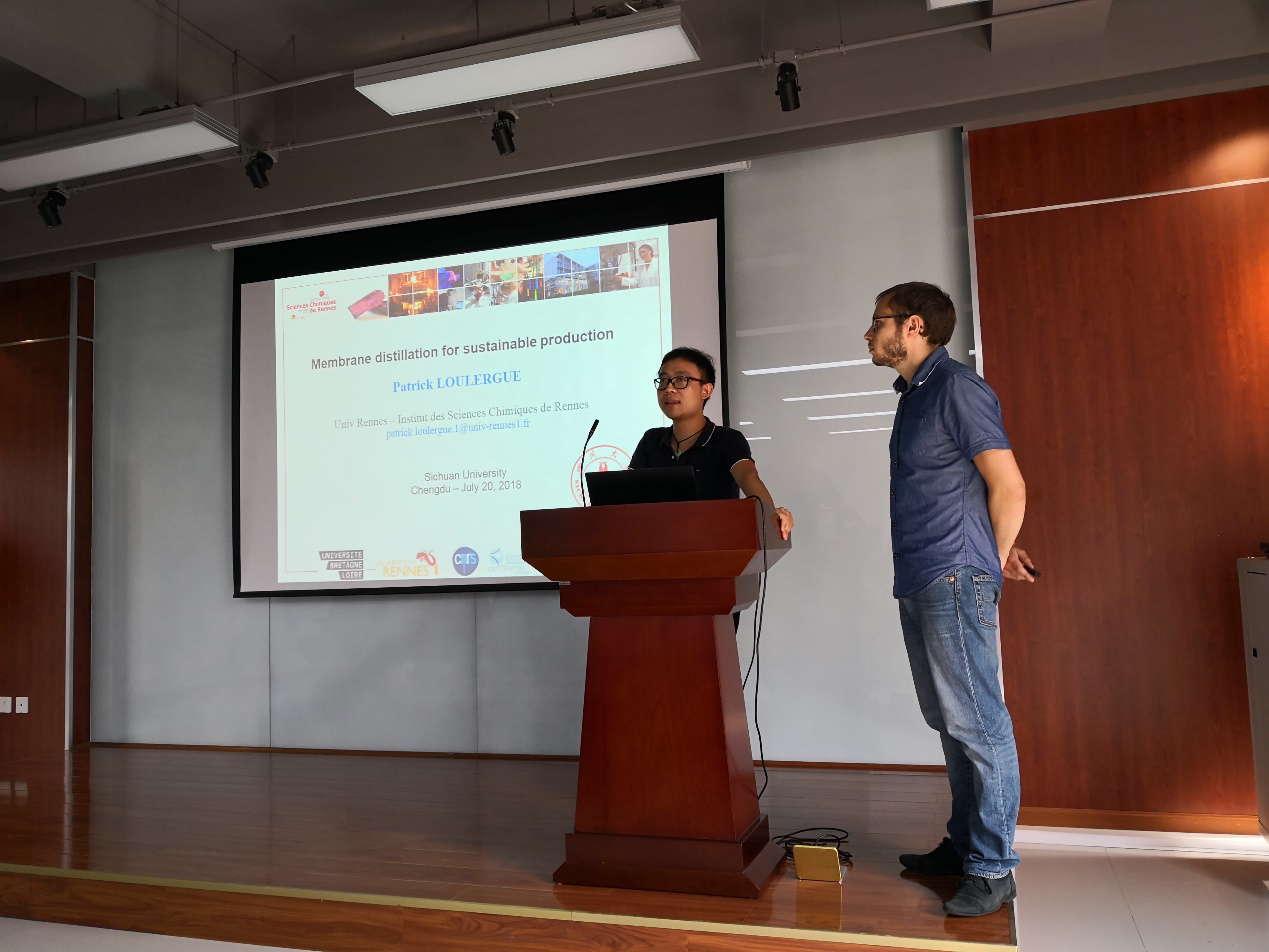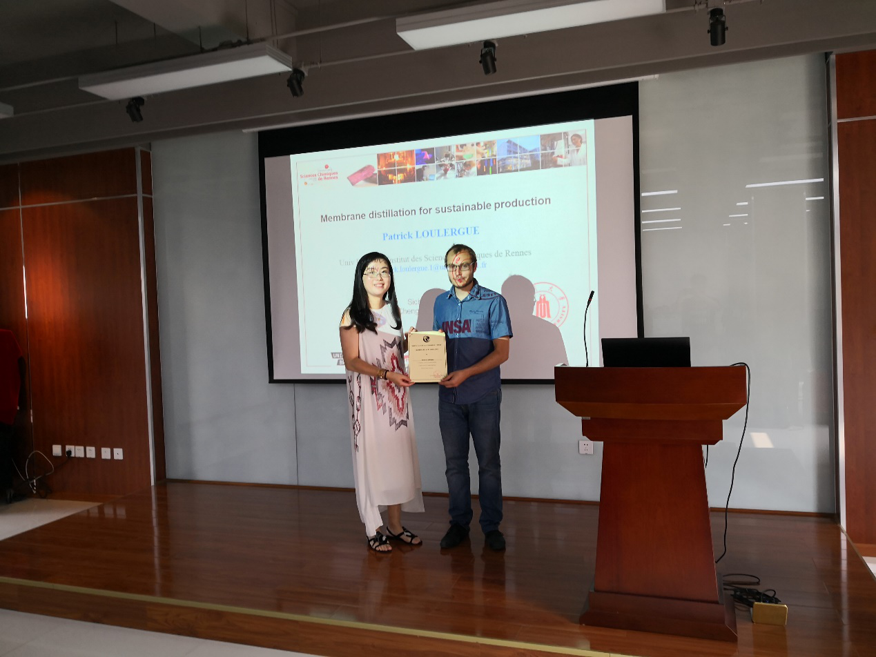 轻纺与食品学院,并在皮革系金垚副教授的主持下作了题为“Membrane distillation for sustainable production”的学术报告。这也是自今年5月开讲的“生物质科学与工程论坛”系列报告之一,该论坛的负责人杨璐铭老师特为Patrick Loulergue副教授颁发了相应证书。
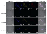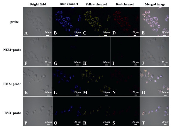 | Fig. 3. Fluorescence images of endogenous thiols in living HeLa cell. (A-E): Cells were treated with the PI-CO-NBD probe, (F-T): Cells were respectively pretreated with NEM (1 mmol/L), PMA (1 µg/mL), or BSO (100 µmol/L) for 30 min and then incubated with PI-CO-NBD (10 µmol/L) for 10 min. Blue channel: λex = 405 nm, λem = 450−510 nm; yellow channel: λex = 451 nm, λem = 520-580 nm; red channel: λex = 561 nm, λem = 610-670 nm. | |
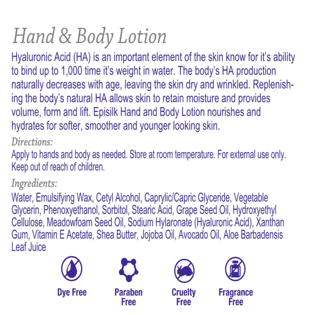 Hand and Body Lotion contains high concentrations of Hyaluronic Acid. Moisturize and hydrate dry skin for a soft, smoother and younger appearance, while supporting...
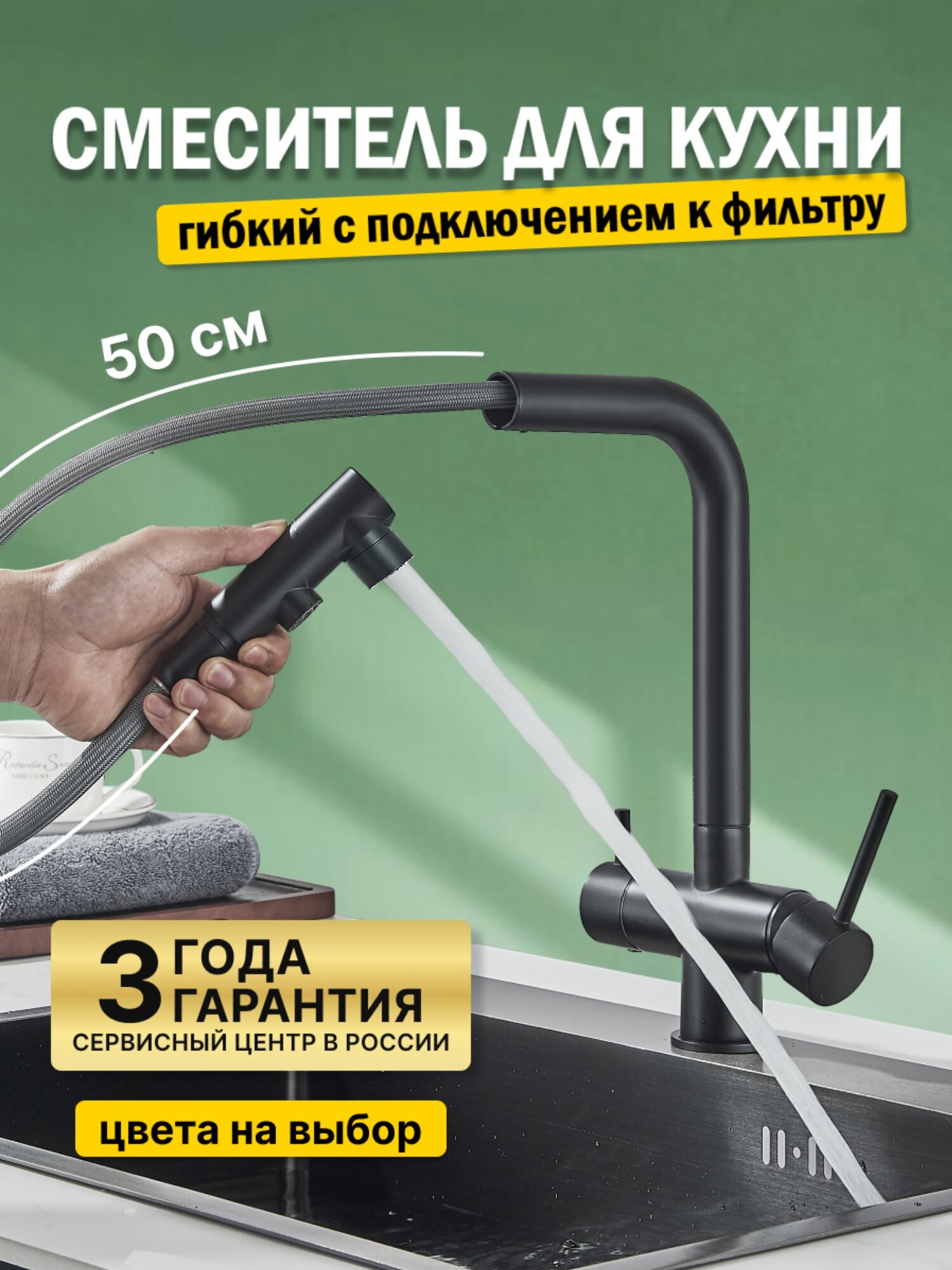 Смеситель для кухни DHome с фильтром и выдвижным изливом черный интересное:
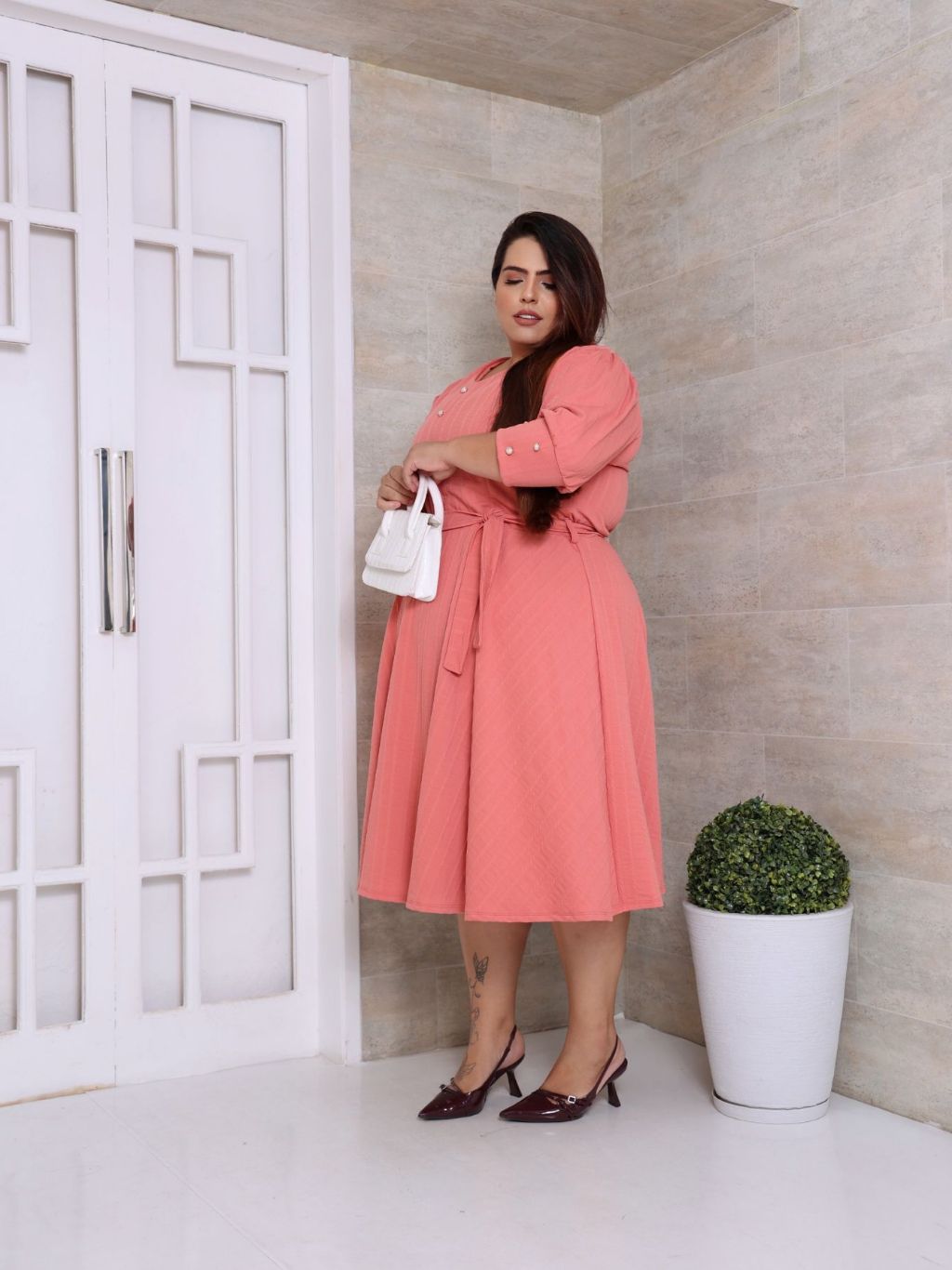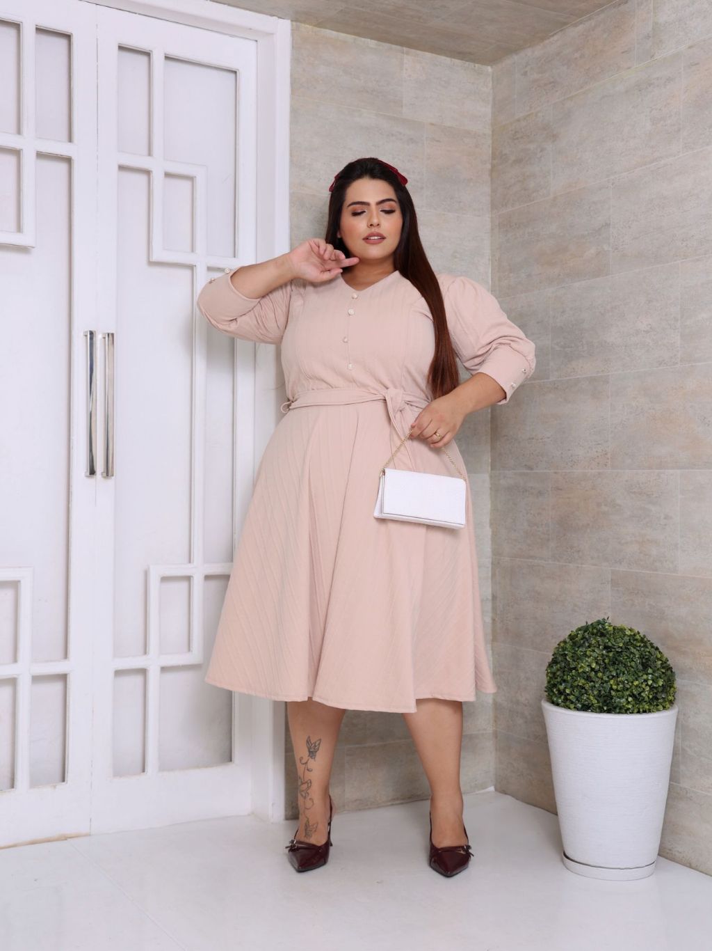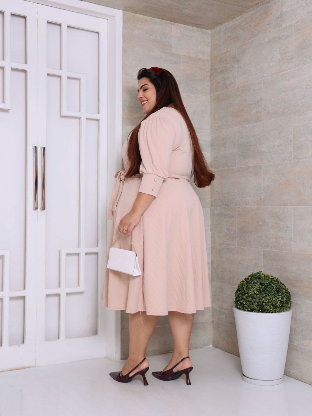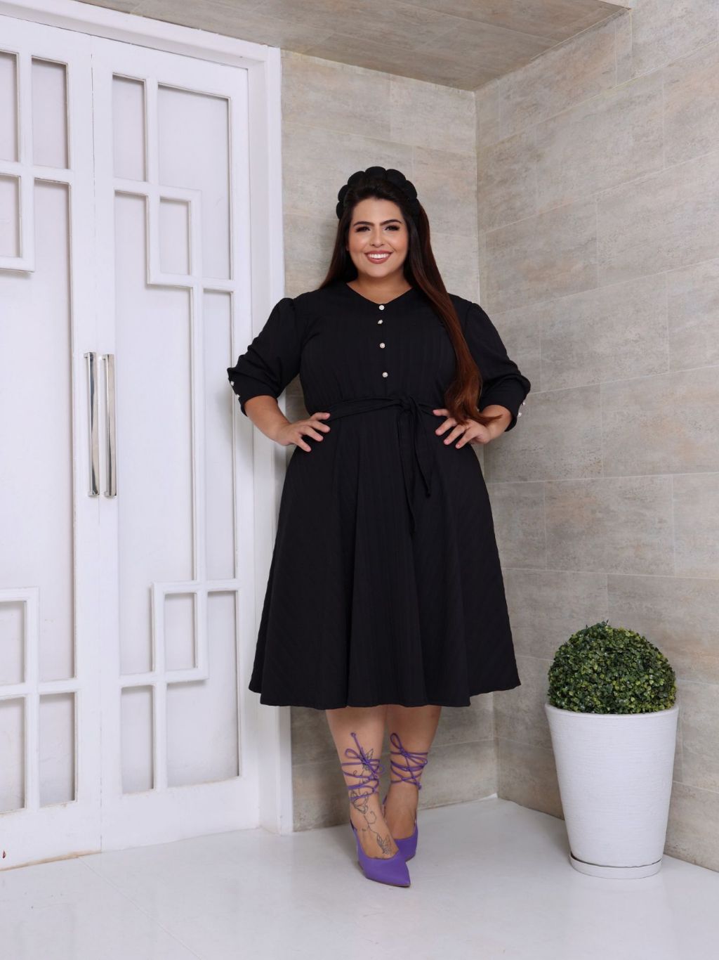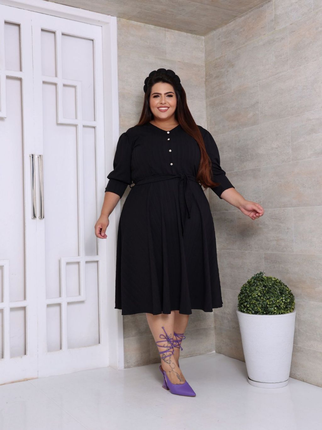 VESTIDO PLUS SIZE MIDI EM MALHA RIBANA PREMIUM MANGA 3/4 MODA EVANGELICA E FEMENINO
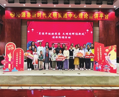 沁源县新时代文明实践中心举办的诗歌朗诵活动充满童真,来自多所小学和幼儿园的孩子们,登台朗诵《水调歌头·明月几时有》《我的祖国》等经典诗篇。当孩子们朗诵到“但愿人长久”时,老人们跟着低声应和,当大家挥动小红旗齐唱爱国歌曲,不同年龄的人因节日而相聚,因文化而共鸣,因家国情怀而同心。
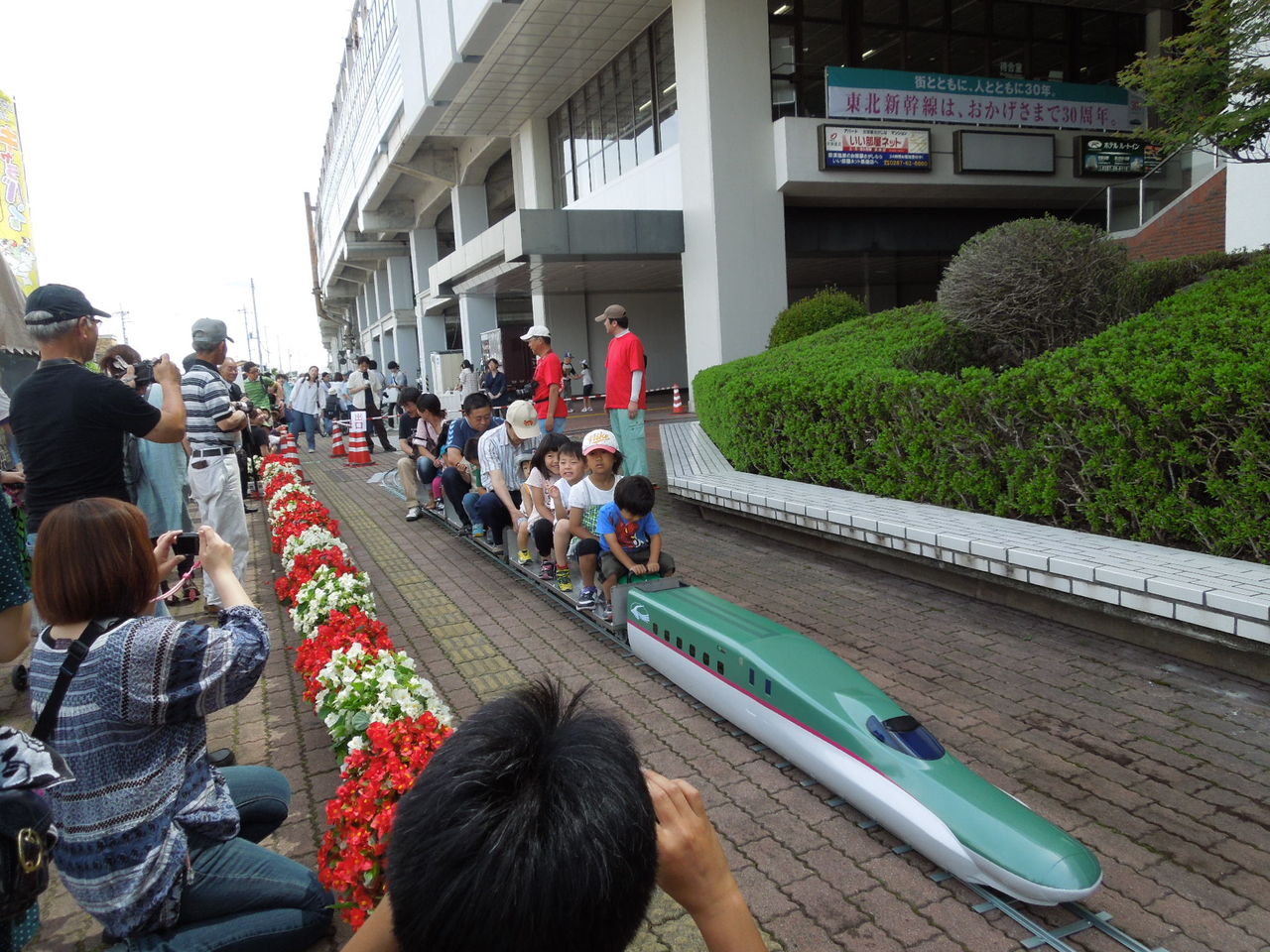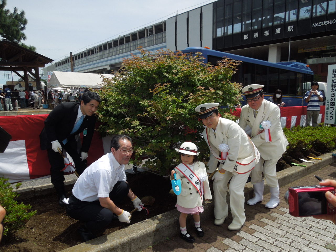 すっきりと晴れ渡っています。 暑くなりそうですが、お出かけには最適です。 昨日は、お伝えしたように、 東北新幹線開業30周年の日でした。 記念新幹線が走ったほか、 各駅で記念イベントなどが盛大に行われました。 地元の那須塩原駅でも、様々な催し。 駅主催のセレモニーもあれば、 商工会主催の出店ブースもありました。 私も午前中だけお手伝いに行ってきましたので、 ちょっとその報告。 イベントは今日も行われますので、 お近くの方、駅を利用する方はぜひ、ご参加ください。 お父さん30歳、お子さん3歳の親子が 一日駅長に。 本当の駅長さんや 那須塩原市長と一緒に 記念植樹。
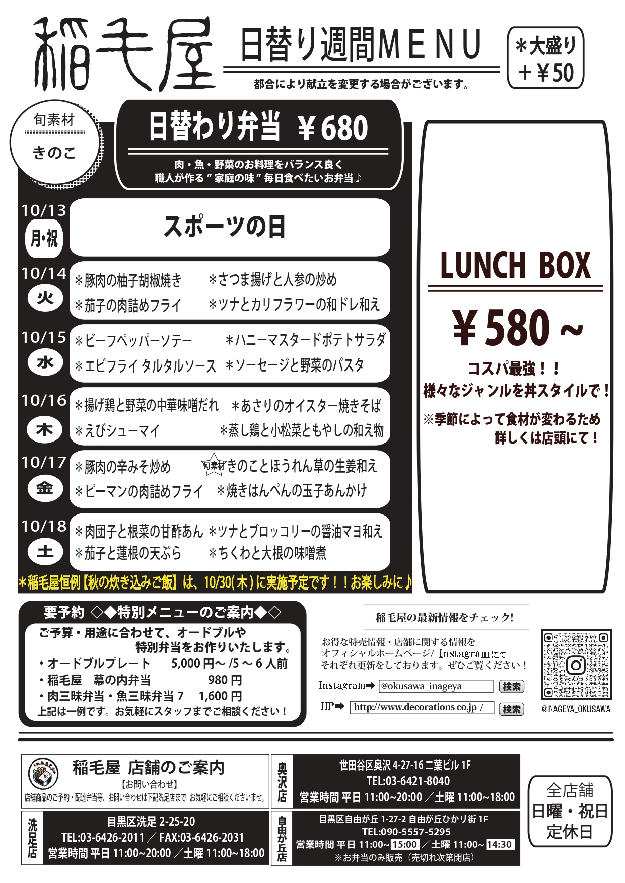 【日替わりメニュー】2025年10月13日(月)~10月18日(土)
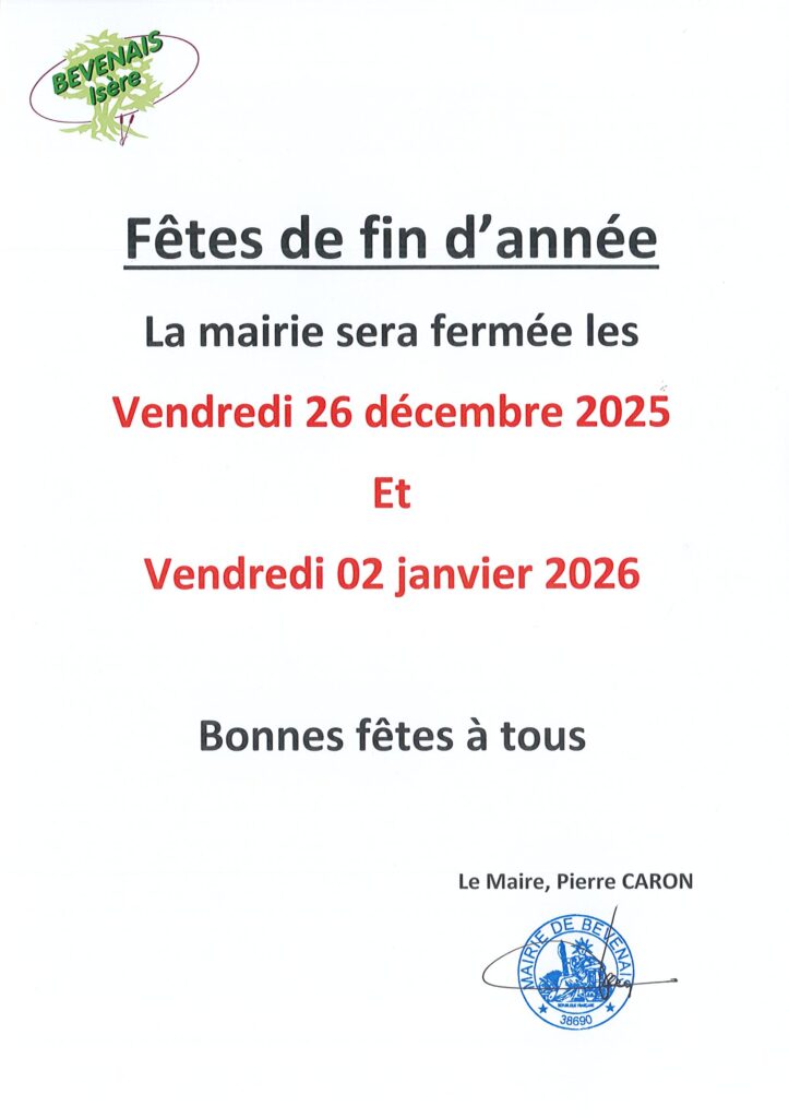 Fermeture Mairie : Fêtes de fin d’année

**AIM OF THE EXERCISE:**
What you return should be the full listing, unchanged, minus the pictures.

**TASK ANSWER:**
 轻纺与食品学院,并在皮革系金垚副教授的主持下作了题为“Membrane distillation for sustainable production”的学术报告。这也是自今年5月开讲的“生物质科学与工程论坛”系列报告之一,该论坛的负责人杨璐铭老师特为Patrick Loulergue副教授颁发了相应证书。
 | Fig. 3. Fluorescence images of endogenous thiols in living HeLa cell. (A-E): Cells were treated with the PI-CO-NBD probe, (F-T): Cells were respectively pretreated with NEM (1 mmol/L), PMA (1 µg/mL), or BSO (100 µmol/L) for 30 min and then incubated with PI-CO-NBD (10 µmol/L) for 10 min. Blue channel: λex = 405 nm, λem = 450−510 nm; yellow channel: λex = 451 nm, λem = 520-580 nm; red channel: λex = 561 nm, λem = 610-670 nm. | |
 Hand and Body Lotion contains high concentrations of Hyaluronic Acid. Moisturize and hydrate dry skin for a soft, smoother and younger appearance, while supporting...
 Смеситель для кухни DHome с фильтром и выдвижным изливом черный интересное:
 VESTIDO PLUS SIZE MIDI EM MALHA RIBANA PREMIUM MANGA 3/4 MODA EVANGELICA E FEMENINO
 沁源县新时代文明实践中心举办的诗歌朗诵活动充满童真,来自多所小学和幼儿园的孩子们,登台朗诵《水调歌头·明月几时有》《我的祖国》等经典诗篇。当孩子们朗诵到“但愿人长久”时,老人们跟着低声应和,当大家挥动小红旗齐唱爱国歌曲,不同年龄的人因节日而相聚,因文化而共鸣,因家国情怀而同心。
 すっきりと晴れ渡っています。 暑くなりそうですが、お出かけには最適です。 昨日は、お伝えしたように、 東北新幹線開業30周年の日でした。 記念新幹線が走ったほか、 各駅で記念イベントなどが盛大に行われました。 地元の那須塩原駅でも、様々な催し。 駅主催のセレモニーもあれば、 商工会主催の出店ブースもありました。 私も午前中だけお手伝いに行ってきましたので、 ちょっとその報告。 イベントは今日も行われますので、 お近くの方、駅を利用する方はぜひ、ご参加ください。 お父さん30歳、お子さん3歳の親子が 一日駅長に。 本当の駅長さんや 那須塩原市長と一緒に 記念植樹。
 【日替わりメニュー】2025年10月13日(月)~10月18日(土)
 Fermeture Mairie : Fêtes de fin d’année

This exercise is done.